Task –
The word "windows" occurs in some lines of the listing. Copy those lines.

-- Opening Marker --

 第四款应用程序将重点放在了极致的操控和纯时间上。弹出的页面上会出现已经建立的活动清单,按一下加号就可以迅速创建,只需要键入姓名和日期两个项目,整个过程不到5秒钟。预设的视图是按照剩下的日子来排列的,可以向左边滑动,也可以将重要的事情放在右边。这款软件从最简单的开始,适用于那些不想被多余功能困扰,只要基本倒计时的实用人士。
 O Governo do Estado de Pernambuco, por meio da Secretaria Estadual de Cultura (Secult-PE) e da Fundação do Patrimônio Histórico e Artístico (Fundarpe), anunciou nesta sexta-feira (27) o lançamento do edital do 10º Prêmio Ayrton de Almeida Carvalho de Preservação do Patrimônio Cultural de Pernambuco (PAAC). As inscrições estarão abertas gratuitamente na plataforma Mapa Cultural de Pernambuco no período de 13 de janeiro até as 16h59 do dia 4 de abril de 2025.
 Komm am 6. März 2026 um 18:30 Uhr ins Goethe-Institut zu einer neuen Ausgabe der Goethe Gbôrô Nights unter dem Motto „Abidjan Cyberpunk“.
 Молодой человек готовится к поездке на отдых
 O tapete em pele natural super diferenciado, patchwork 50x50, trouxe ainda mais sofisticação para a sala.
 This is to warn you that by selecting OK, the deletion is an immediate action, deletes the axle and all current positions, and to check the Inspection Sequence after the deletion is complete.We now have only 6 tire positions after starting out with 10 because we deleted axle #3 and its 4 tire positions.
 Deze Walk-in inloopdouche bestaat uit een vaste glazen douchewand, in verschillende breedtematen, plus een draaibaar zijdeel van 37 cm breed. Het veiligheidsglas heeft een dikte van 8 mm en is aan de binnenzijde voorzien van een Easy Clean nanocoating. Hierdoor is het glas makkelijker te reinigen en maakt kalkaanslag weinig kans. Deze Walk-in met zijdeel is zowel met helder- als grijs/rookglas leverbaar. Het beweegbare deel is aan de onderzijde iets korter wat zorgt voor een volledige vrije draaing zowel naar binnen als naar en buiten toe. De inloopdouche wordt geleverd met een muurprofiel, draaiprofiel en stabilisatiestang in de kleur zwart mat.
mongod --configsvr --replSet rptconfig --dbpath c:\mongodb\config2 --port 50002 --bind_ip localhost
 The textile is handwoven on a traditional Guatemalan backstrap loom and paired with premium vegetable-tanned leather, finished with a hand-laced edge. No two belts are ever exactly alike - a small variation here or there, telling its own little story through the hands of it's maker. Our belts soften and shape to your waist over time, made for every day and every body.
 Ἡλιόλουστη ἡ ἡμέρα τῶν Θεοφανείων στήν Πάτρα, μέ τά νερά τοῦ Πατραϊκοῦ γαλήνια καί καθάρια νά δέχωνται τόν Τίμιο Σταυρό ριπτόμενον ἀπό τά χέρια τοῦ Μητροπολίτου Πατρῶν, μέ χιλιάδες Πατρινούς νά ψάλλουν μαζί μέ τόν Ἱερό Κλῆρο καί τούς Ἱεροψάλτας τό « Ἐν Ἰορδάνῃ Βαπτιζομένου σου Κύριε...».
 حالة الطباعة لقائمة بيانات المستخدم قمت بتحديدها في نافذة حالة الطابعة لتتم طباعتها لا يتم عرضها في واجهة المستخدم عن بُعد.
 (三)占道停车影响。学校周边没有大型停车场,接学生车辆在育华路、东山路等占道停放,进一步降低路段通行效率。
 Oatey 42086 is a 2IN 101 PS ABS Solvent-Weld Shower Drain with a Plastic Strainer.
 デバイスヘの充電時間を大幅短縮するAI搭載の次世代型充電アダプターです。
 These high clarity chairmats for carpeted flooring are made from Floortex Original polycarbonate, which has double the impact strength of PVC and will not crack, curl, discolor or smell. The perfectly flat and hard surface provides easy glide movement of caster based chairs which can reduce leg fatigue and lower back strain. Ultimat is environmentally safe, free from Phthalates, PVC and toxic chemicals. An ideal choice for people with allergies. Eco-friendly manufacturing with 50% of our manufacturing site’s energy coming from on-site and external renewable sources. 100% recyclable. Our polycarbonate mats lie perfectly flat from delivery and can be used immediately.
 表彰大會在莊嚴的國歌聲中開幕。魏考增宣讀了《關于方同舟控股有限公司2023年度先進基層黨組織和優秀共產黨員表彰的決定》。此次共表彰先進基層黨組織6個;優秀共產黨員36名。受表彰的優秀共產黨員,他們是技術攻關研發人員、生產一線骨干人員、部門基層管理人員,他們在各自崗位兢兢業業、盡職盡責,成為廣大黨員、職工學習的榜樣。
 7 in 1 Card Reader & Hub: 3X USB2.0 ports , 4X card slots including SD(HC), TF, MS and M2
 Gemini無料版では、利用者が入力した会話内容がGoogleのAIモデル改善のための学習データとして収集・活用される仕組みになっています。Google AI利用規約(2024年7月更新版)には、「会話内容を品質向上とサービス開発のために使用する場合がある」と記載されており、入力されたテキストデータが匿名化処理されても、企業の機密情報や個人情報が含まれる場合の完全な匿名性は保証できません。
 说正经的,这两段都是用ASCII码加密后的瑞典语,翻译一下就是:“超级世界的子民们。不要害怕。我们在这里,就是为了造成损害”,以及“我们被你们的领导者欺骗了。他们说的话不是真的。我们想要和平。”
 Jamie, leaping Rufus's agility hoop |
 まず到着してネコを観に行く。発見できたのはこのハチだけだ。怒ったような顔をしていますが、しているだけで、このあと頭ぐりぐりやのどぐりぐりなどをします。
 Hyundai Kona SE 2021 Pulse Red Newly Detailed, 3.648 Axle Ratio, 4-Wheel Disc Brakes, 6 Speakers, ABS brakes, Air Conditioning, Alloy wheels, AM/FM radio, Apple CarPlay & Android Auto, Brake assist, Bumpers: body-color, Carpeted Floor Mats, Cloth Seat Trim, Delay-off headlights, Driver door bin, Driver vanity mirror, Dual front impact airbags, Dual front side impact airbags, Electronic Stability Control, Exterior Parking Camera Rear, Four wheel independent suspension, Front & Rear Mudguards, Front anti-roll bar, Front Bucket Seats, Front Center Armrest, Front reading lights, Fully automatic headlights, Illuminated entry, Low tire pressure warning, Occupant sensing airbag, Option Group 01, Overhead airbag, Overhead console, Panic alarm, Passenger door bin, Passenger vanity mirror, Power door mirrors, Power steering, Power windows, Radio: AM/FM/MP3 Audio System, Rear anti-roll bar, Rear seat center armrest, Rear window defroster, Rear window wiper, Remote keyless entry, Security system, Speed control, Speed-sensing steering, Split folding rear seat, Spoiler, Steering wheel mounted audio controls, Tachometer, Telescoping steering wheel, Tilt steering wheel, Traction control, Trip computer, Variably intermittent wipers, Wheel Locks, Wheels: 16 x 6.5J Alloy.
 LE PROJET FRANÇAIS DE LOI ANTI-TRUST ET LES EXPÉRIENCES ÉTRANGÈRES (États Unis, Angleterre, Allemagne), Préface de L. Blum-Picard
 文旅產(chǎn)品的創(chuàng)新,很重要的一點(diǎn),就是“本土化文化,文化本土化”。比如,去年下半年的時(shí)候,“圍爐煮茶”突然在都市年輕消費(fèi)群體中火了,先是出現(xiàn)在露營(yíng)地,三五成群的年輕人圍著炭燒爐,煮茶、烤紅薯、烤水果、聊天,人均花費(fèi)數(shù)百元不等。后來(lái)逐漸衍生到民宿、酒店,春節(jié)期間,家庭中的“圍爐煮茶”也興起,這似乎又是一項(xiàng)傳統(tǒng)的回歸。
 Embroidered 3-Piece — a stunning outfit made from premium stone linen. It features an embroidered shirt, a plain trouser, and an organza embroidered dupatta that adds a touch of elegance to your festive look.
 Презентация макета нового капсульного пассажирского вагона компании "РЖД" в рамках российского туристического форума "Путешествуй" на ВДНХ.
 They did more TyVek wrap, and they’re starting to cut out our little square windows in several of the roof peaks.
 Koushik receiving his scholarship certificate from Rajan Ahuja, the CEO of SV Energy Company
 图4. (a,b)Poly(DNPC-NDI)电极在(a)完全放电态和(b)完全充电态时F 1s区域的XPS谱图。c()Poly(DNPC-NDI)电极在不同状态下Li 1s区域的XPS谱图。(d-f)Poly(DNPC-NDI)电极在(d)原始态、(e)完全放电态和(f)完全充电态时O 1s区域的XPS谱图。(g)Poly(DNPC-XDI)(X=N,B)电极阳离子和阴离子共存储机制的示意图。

-- Closing Marker --

Exercise output –
 Hyundai Kona SE 2021 Pulse Red Newly Detailed, 3.648 Axle Ratio, 4-Wheel Disc Brakes, 6 Speakers, ABS brakes, Air Conditioning, Alloy wheels, AM/FM radio, Apple CarPlay & Android Auto, Brake assist, Bumpers: body-color, Carpeted Floor Mats, Cloth Seat Trim, Delay-off headlights, Driver door bin, Driver vanity mirror, Dual front impact airbags, Dual front side impact airbags, Electronic Stability Control, Exterior Parking Camera Rear, Four wheel independent suspension, Front & Rear Mudguards, Front anti-roll bar, Front Bucket Seats, Front Center Armrest, Front reading lights, Fully automatic headlights, Illuminated entry, Low tire pressure warning, Occupant sensing airbag, Option Group 01, Overhead airbag, Overhead console, Panic alarm, Passenger door bin, Passenger vanity mirror, Power door mirrors, Power steering, Power windows, Radio: AM/FM/MP3 Audio System, Rear anti-roll bar, Rear seat center armrest, Rear window defroster, Rear window wiper, Remote keyless entry, Security system, Speed control, Speed-sensing steering, Split folding rear seat, Spoiler, Steering wheel mounted audio controls, Tachometer, Telescoping steering wheel, Tilt steering wheel, Traction control, Trip computer, Variably intermittent wipers, Wheel Locks, Wheels: 16 x 6.5J Alloy.
 They did more TyVek wrap, and they’re starting to cut out our little square windows in several of the roof peaks.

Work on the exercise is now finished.